# [What is being asked]
No pictures, please. Output the lines from the start of the data through the line that contains "不少粉丝对Senzu不会在2", both included, exactly as they stand.

##### Dataset section #####

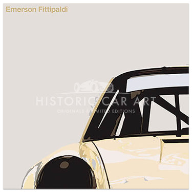 A contemporary art poster featuring the Porsche RSR of Emerson Fittipaldi as raced in the 1973 & 1974 International Race of Champions.
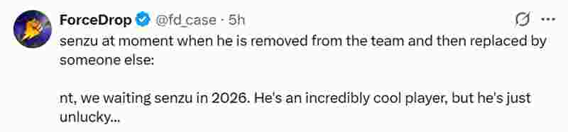 不少粉丝对Senzu不会在2026年回归MongolZ感到遗憾:“当Senzu被移出战队并由他人替代时,虽然遗憾,但我们期待2026年的Senzu回归。他是一位极具天赋的选手,只是运气稍显欠缺……”
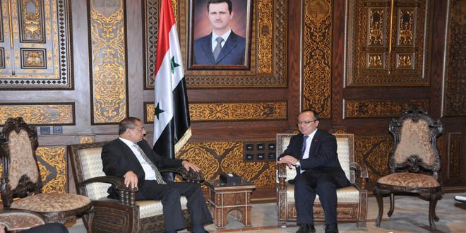 بحث اللواء محمد الشعار وزير الداخلية اليوم مع تشي تشيان جين سفير جمهورية الصين الشعبية بدمشق سبل تعزيز العلاقات والتعاون المتبادل بين البلدين الصديقين وتطويرها وخاصة في مجال مكافحة الإرهاب والجرائم المنظمة الواقعة على أمن الدولة.

#####

# [Answer box]
 A contemporary art poster featuring the Porsche RSR of Emerson Fittipaldi as raced in the 1973 & 1974 International Race of Champions.
 不少粉丝对Senzu不会在2026年回归MongolZ感到遗憾:“当Senzu被移出战队并由他人替代时,虽然遗憾,但我们期待2026年的Senzu回归。他是一位极具天赋的选手,只是运气稍显欠缺……”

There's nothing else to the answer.